# Urdu, Persian: -um / -am



## Sheikh_14

The purpose of this thread is to ask whether or not the Persian derived suffix -um signifying *mine*, or *me* is acceptable in Urdu as it is in Turkish as well.

Examples of the given include Dostum= my friend, Babum= my dad, Raqsum= I dance and so on and so forth.


----------



## Qureshpor

The "am" in dost-am and baabaa-am is a possessive suffix whilst the "am" in "raqs-am" (in fact mii-raqs-am...I dance/I am dancing) is a verbal suffix for the first person singular.

To answer your question, I can only think of "3aziiz-am" (My dear) as far as Urdu is concerned. It is not a productive suffix for Urdu.


----------



## Alfaaz

Even though it isn't used in colloquial language, you may find it being used in poetry or lyrics:

تیرا جلوہ سرِ منزل، سرِ منزل سفر ہے عشق 
خدا جانے کہ تیرے ہجر میں دلدار می رقصم
سرِ خانہ ، سرِ محفل، سرِ بازار می رقصم

صابر ظفر 
ڈراما: می رقصم


----------



## marrish

Sheikh_14 said:


> The purpose of this thread is to ask whether or not the Persian derived suffix -um signifying *mine*, or *me* is acceptable in Urdu as it is in Turkish as well.
> 
> Examples of the given include Dostum= my friend, Babum= my dad, Raqsum= I dance and so on and so forth.


For this thread is about Urdu I'd like to widen its scope a bit to include the core component of this language's vocabulary.

You will find numerous instances of the use of suffix -am in this thread:

Thread: Urdu, Hindi: bhaarii bharkam 
Returning to the Persian component, in addition to QP SaaHib's contribution I'm tempted to mention another word:

begam


----------



## Qureshpor

^ marrish SaaHib, I am not sure "beg-um" and "xaan-um" falls in this bracket. (neither does the -am in bharkam have any connection with this suffix, you would agree).


----------



## marrish

Qureshpor said:


> ^ marrish SaaHib, I am not sure "beg-um" and "xaan-um" falls in this bracket. (neither does the -am in bharkam have any connection with this suffix, you would agree).
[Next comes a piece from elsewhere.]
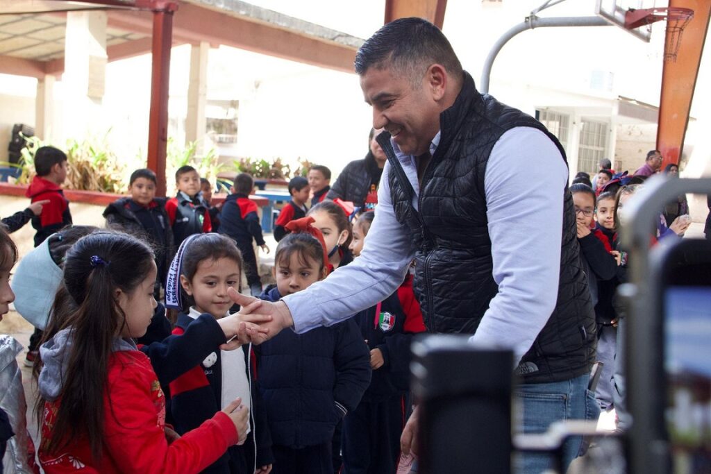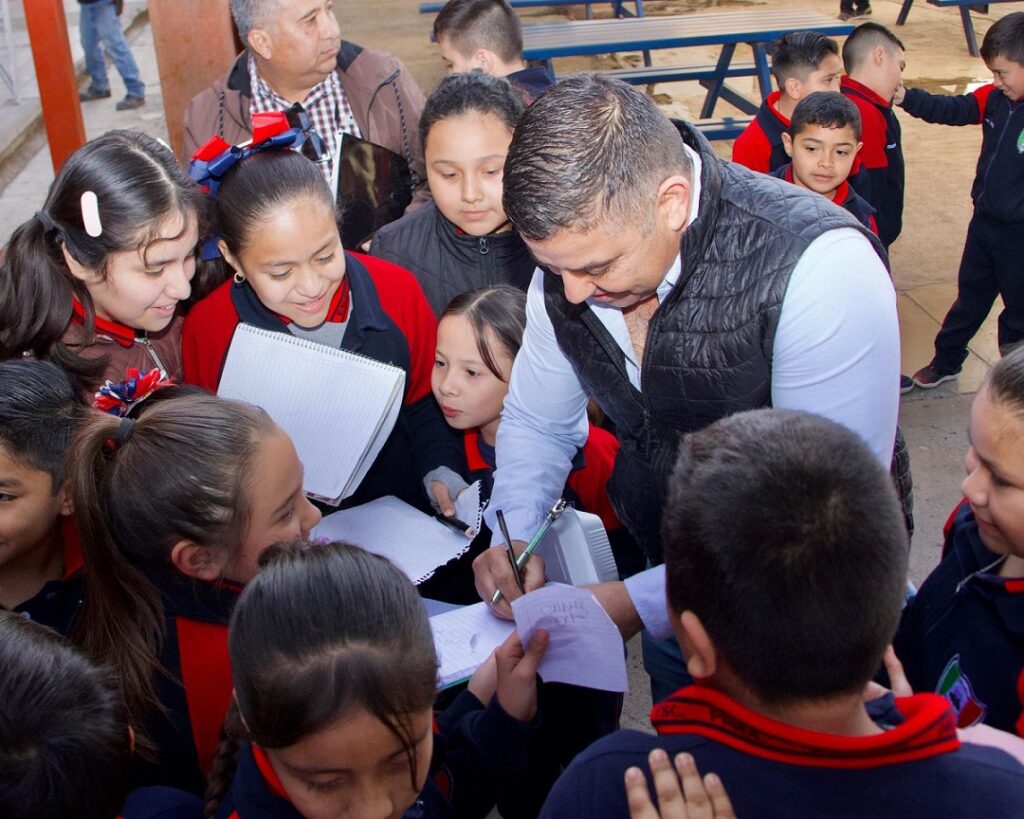Desde su llegada a la escuela, el presidente municipal fue recibido con beneplácito por los alumnos quienes pudieron convivir y hasta pedirle una firma que plasmaron en papel, objetos personales, hasta en el calzado.

I'm not sure either. You understood -um to be -am, I suggested an extension beyond Persian based things in Urdu and I know your stance on xaan-um etc; but would you agree  there are many that take it as -am not -um. Given the ambiguity of this thread I hope I'm not guilty of being off-topic.


----------



## littlepond

^ I don't see how "bhaari bharkam" or anything else similar to that fits the bill here. I for one do consider your two above posts as completely off topic. The suffix "-um" in Persian indicates possession, and except for rare instances, this suffix has not much currency in Urdu. As for "raqs-am", as Qureshpor jii has already indicated, the "am" there is the conjugation suffix for first person singular: a completely different thing.


----------



## Dib

A favorite of Bollywoodie music:
jaan-am (and jaan-e man)


----------



## marrish

littlepond said:


> ^ I don't see how "bhaari bharkam" or anything else similar to that fits the bill here. I for one do consider your two above posts as completely off topic. The suffix "-um" in Persian indicates possession, and except for rare instances, this suffix has not much currency in Urdu. As for "raqs-am", as Qureshpor jii has already indicated, the "am" there is the conjugation suffix for first person singular: a completely different thing.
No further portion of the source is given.